ABBOTTABAD - The involvement of runaway militants, who had moved from Abbottabad’s mountainous areas to the northwestern tribal terrain after security forces had launched crackdown in the post-OBL operation scenario, is suspected in the rockets attack on PMA - a development seen as linked to Al-Qaeda operative’s killing in a drone strike.
Nearly after nine months of calm, fear revisited the cantonment city on Friday following the launch of nine rockets directed at Pakistan Military Academy (PMA), three of which damaged a part of its outer wall. While Abbottabad police’s top brass is clueless, official sources point to the involvement of those militants in the incident, who had abandoned their hideouts located in the city’s remote hilly belt to avoid being hunt down after Osama bin Laden’s killing. Just a day earlier on Thursday, the Army Chief General Ashfaq Parvez Kayani had visited Abbottabad to attend an official ceremony organised by Frontier Force Regiment (FFR), whose offices are situated some three kilometres away from the PMA. The intelligence agencies, it is learnt, had cautioned the security forces that a red colour Toyota double-cabin jeep could be used in any untoward activity ahead of General Kayani’s visit. Any further details to this effect are not known.
Sources privy to the investigation say the possible linkages between the reported killing of Aslam Awan, an Al-Qaeda operative in a drone attack in North Waziristan, and the PMA attack were being probed.
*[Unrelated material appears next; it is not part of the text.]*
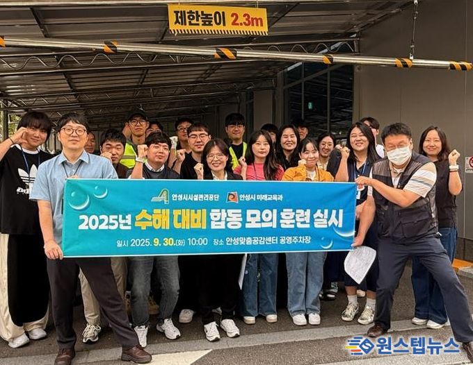 원스텝뉴스 이병희 기자 | 안성시시설관리공단은 지난 30일 오전10시 안성 맞춤공감센터 공영주차장에서, 안성시 미래교육과 청소년팀과 국지성 집중 호우 등 자연재해로부터 시설과 인명을 보호하기 위한 2025년 수해대비 합동 모의 훈련을 실시했다고 밝혔다.
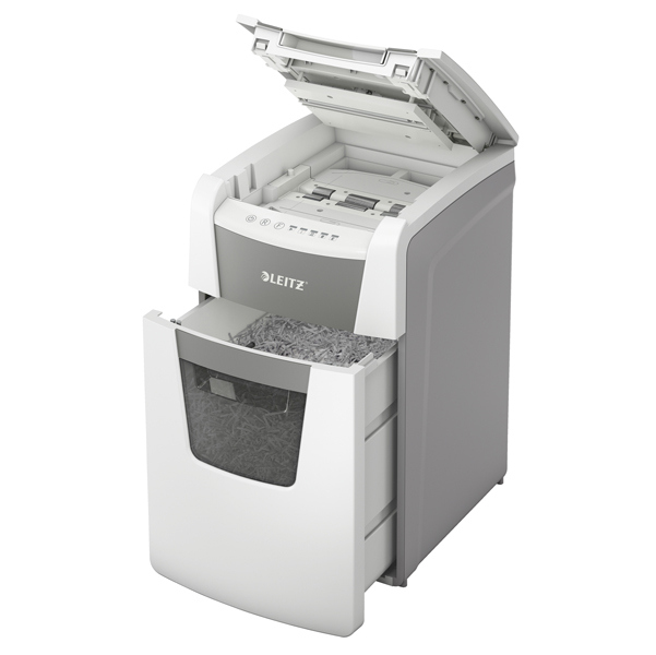 Distrugge fino a 150 fogli A4 con il alimentazione automatica e un massimo di 8 fogli con il alimentazione manuale(80 gr/mq) Esclusiva funzione di svuotamento pulito (le lame si invertono dopo ogni utilizzo) per evitare che frammenti di carta cadano dietro il cestino quando viene estratto Sensore a raggi infrarossi che indica quando il cestino e' pieno e che avvisa quando il cestino e' all'80% della sua capienza Funzionamento ultra silenzioso - per un ambiente di lavoro tranquillo (quando si utilizzano regolarmente i fogli lubrificanti Leitz) Tecnologia anti-inceppamento per una distruzione senza interruzioni - le lame si fermano automaticamente e si invertono quando viene inserita troppa carta Funziona ininterrottamente per 30 minuti e cio' permette di svuotare completamente il vassoio in una sola volta, la modalita' di risparmio ECO si attiva dopo 3 minuti di inattivita' Livello di sicurezza: DinP4 Taglio a frammenti 4x28mm) Ampio cestino estraibile da 44 litri che consente di svuotare completamente il vassoio Pannello Touch: semplice e intuitivo per un facile utilizzo Distrugge anche carte di credito, punti e graffette 2+1 anni di garanzia (anche sulle lame) - registrati per ottenere un anno in piu' Dimensioni (LxHxP): 365x618x430mm.

Awan, who hailed from Abbottabad, was reportedly targeted on this month’s 10th. 
Talking to TheNation, District Police Officer (DPO), Abbottabad, Karim Khan said the matter regarding the suspected involvement of militants in the rockets attack was being probed. “We would share our findings with the press soon. It would be premature jumping to conclusions before the completion of investigation.” Without specifying any number, the DPO said that several people were nabbed in connection with Friday’s attack.
Scores of militants along with their families had made Abbotabad’s Jhangi Syedan and related mountain terrain their save havens in the recent years. This newspaper had unearthed their presence during course of follow-up reporting on OBL operation in May last year. Several of these militants included the breakaway factions of Tehreek-e-Taliban Pakistan (TTP) who had revolted against the TTP central leadership and parted ways. The prominent among them were the slain Qari Zainuddin Mehsud and his accomplices. Mehsud’s family was living in Jhangi Syedan mountain just a few kilometres away from Abbottabad city. On May 17, The Nation had broken the story regarding arrests of two cousins and a brother of Zainuddin Mehsud from that area who were respectively identified as Ali Shaban Mehsud, Qari Zaryab Mehsud and Abdullah Khan. Later, the DPO Abbottabad had confirmed this development.
Following crackdowns, the militants had reportedly moved to Dera Ismail Khan, Tank, Aurakzai and Mohmand Agencies but wwing to the launch of military operations in tribal areas, some militant factions are reportedly trying to relocate to Abbottabad’s remote belt.  The Nawashehr mountain could be an easy launching pad for miscreants possibly because it has close proximity to Thandiani, a hilly range of Abbottabad district where security surveillance is minimum. Thandiani mountains connect to Muzzaffarabad, Galiyat and Upper Hazara that comprises significant tribal population. The PMA boundary wall faces the posh areas of Jinnahabad Township, Habibullah Colony and Bilal Town at three sides while the fourth one that was targeted, was exposed to Kakul village, located closely to Nawashehr mountain-a less secured area.